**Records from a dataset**
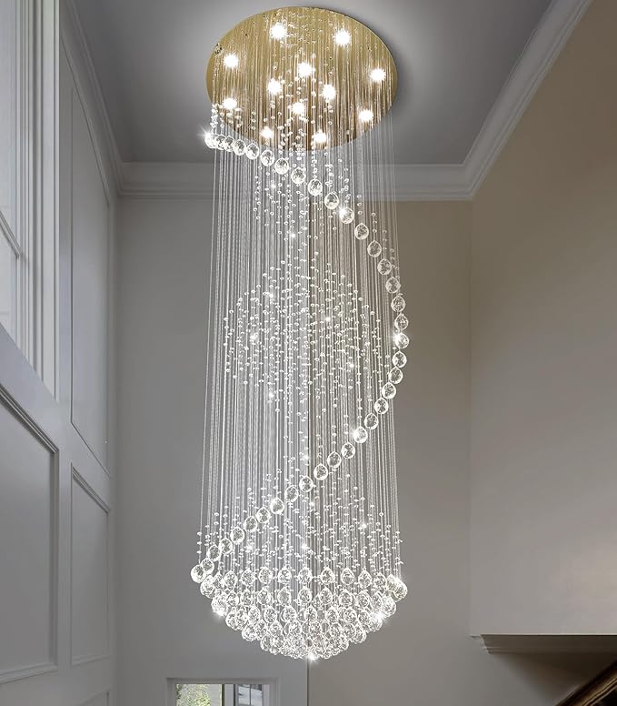98'' Crystal Chandelier High Ceiling Chandeliers for Staircaes Large Raindrop Chandeliers LED Dimmable Flush Mount Light Fixtures for Foyer Hallway Entryway LED Bulbs Included Gold
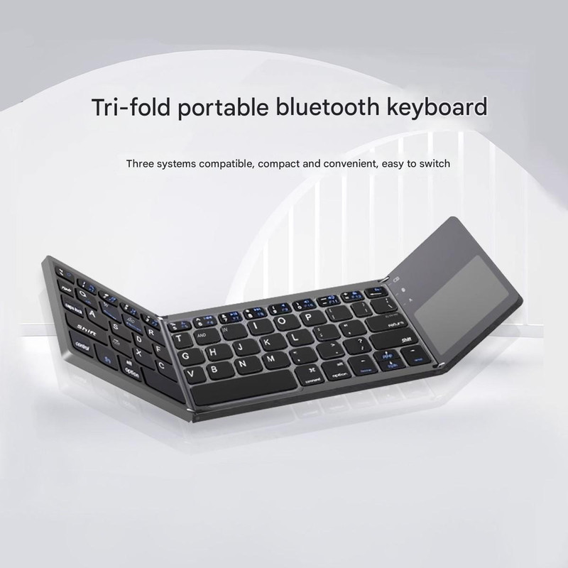 Boost Productivity Anywhere: Portable Tri-Fold Bluetooth Keyboard with Touchpad
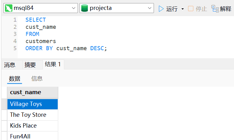 1、编写SQL语句,从Customers中检索所有的顾客名称(cust_name),并按从Z到A的顺序显示结果。
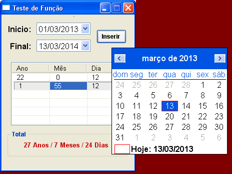 Em primeiro lugar quero agradecer aos colegas que me ajudaram a solucionar o meu problema em especial ao Pablo que fez este exemplo do código abaixo, mais agora estou necessitando de alterar um pouco esta rotina tirar os três TEXTBOX e alterar para dois TEXTBOX com a data inicial e data final e do lado um LABEL com o tempo convertido (ano,meses e dias) do período que o usuário digitou e outro LABEL para mostrar o total das entradas e depois inserir na GRID:
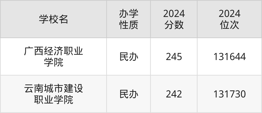 | 广西经济职业 学院 | 245 | 131644 |
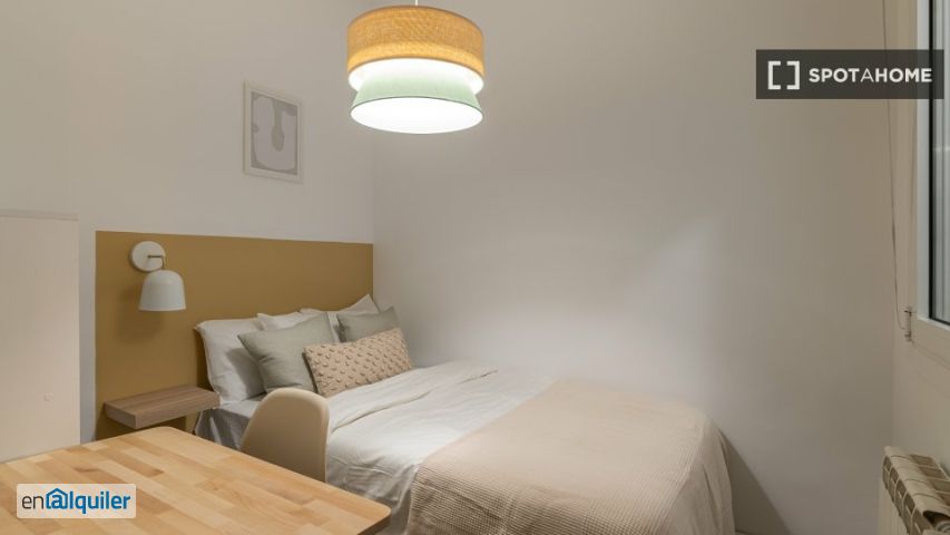 Este alojamiento ofrece una cómoda habitación compartida en un apartamento de 5 habitaciones situado en el encantador barrio de Sant Antoni, en Barcelona. Totalmente amueblado, cuenta con una cocina bien equipada, lavadora compartida y calefacción eléctrica. No se permite fumar ni se admiten mascotas. Todos los gastos básicos, como luz, agua, gas y wifi, están incluidos. Este alojamiento ha sido verificado por Spotahome, por lo que puede confiar en su calidad. Sant Antoni es un barrio vibrante con una amplia gama de servicios. En las inmediaciones encontrará tiendas como Bonpreu y Primaprix Barcelona Viladomat, así como restaurantes como Lamun Cuina Thai y la Fábrica del Taco en la calle Calabria. La zona también cuenta con varios atractivos turísticos destacados, como la Feria de Reis, la Plaza Conmemorativa del Mistral y la Avenida del Paralelo, que muestran el encanto de Barcelona.

**ACTIVITY**
Start at the line containing "1、编写SQL语句,从Cus" above and stop at the line containing "Em primeiro lugar". Output those lines exactly, both included, but none of the pictures.

**TASK ANSWER**
 1、编写SQL语句,从Customers中检索所有的顾客名称(cust_name),并按从Z到A的顺序显示结果。
 Em primeiro lugar quero agradecer aos colegas que me ajudaram a solucionar o meu problema em especial ao Pablo que fez este exemplo do código abaixo, mais agora estou necessitando de alterar um pouco esta rotina tirar os três TEXTBOX e alterar para dois TEXTBOX com a data inicial e data final e do lado um LABEL com o tempo convertido (ano,meses e dias) do período que o usuário digitou e outro LABEL para mostrar o total das entradas e depois inserir na GRID:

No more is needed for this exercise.